Data supplied:
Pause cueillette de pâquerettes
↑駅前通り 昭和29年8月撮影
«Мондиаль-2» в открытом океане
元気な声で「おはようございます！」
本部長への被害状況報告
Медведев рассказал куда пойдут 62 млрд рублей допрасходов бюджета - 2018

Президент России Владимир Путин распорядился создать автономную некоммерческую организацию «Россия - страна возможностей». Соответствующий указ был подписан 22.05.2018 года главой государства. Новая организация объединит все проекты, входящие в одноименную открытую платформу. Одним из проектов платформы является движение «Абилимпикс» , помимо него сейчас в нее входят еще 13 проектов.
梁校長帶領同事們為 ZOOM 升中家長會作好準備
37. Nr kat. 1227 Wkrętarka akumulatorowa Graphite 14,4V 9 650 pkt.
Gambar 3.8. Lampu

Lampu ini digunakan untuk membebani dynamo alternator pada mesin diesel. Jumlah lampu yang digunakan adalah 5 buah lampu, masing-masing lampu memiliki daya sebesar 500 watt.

--

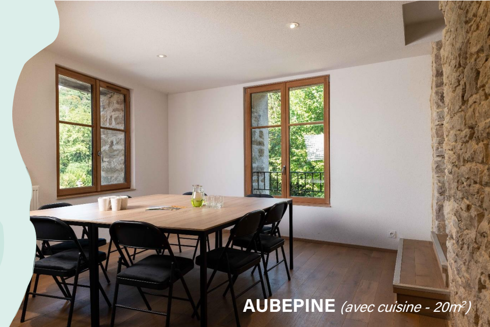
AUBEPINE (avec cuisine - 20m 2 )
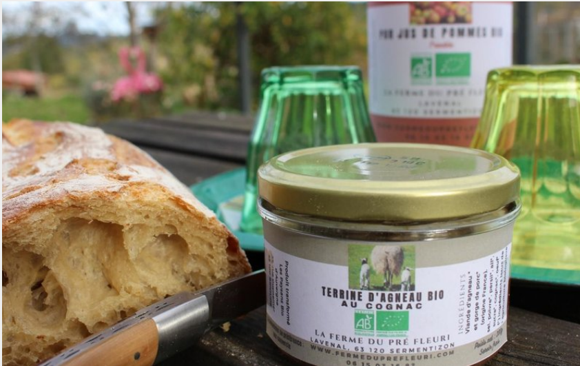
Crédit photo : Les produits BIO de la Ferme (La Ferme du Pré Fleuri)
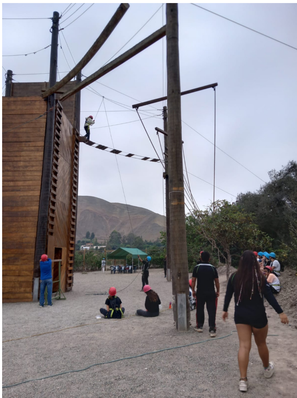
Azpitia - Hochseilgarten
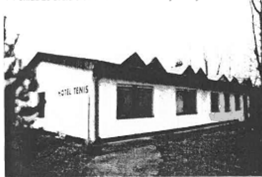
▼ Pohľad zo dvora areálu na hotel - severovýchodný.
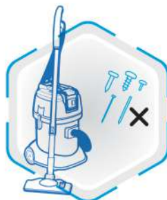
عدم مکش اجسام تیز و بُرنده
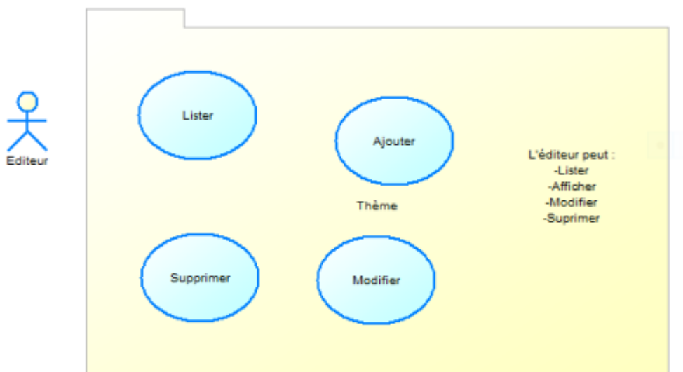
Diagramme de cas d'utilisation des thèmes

* * *

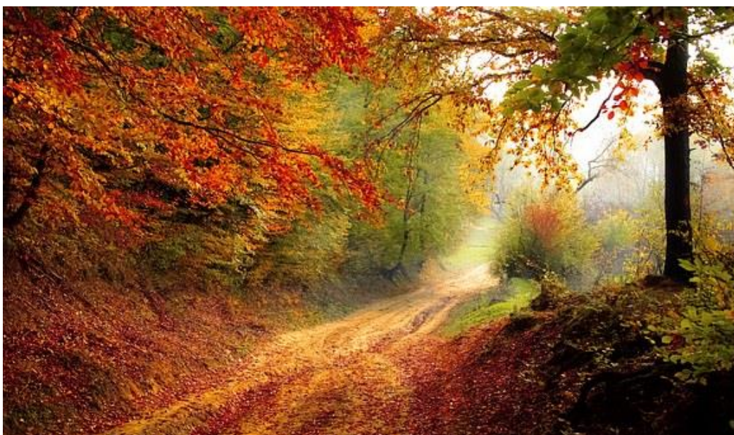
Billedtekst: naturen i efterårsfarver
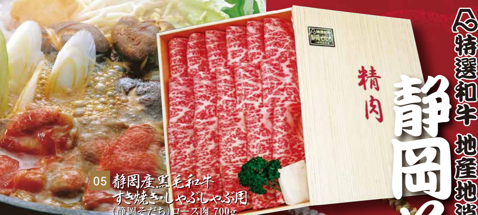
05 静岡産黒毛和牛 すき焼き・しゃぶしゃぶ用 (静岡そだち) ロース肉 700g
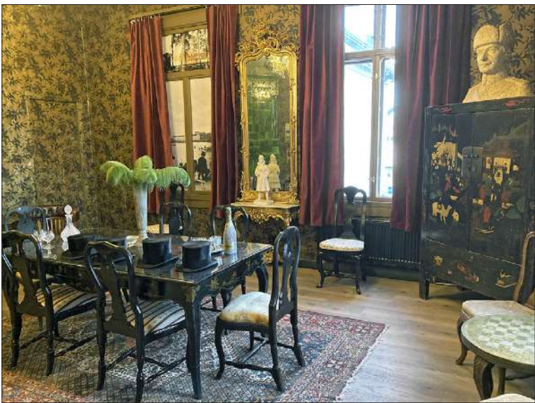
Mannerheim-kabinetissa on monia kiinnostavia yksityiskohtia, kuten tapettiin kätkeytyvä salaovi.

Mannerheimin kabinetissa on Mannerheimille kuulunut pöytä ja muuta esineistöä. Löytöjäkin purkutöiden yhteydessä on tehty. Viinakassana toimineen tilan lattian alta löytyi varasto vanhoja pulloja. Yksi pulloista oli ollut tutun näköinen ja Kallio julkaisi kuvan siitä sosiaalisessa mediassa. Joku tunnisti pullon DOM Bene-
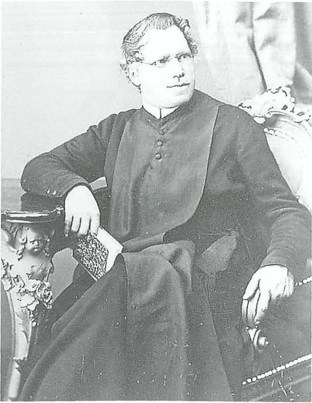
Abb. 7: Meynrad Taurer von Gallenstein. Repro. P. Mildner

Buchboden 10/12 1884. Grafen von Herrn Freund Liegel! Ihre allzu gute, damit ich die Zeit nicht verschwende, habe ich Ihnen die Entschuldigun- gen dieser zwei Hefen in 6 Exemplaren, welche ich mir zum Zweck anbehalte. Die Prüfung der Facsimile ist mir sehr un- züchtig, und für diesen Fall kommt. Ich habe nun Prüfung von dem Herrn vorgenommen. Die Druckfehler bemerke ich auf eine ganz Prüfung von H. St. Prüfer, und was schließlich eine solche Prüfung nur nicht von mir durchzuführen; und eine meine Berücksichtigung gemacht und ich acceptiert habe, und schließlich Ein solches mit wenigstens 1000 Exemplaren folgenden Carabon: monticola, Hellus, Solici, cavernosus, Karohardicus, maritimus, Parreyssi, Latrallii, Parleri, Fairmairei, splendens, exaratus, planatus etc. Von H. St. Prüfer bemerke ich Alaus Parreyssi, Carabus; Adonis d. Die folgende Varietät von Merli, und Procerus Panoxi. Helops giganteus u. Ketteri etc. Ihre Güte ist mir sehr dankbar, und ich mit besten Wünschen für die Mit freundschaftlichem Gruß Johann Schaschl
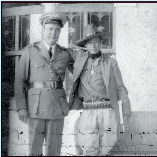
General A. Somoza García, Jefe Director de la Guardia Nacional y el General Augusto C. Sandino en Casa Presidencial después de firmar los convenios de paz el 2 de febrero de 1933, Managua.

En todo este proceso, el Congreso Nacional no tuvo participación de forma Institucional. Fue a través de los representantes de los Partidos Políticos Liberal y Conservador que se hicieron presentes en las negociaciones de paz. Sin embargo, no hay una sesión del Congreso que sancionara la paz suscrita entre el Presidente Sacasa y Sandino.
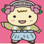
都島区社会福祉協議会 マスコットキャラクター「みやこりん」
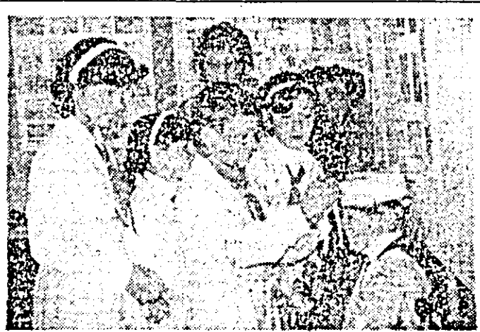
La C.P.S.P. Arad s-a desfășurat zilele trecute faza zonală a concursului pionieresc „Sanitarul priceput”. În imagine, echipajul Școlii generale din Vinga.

Task instructions:
The word "Lampu" may turn up on some lines of these records; say how many, with no other words.

Written answer:
2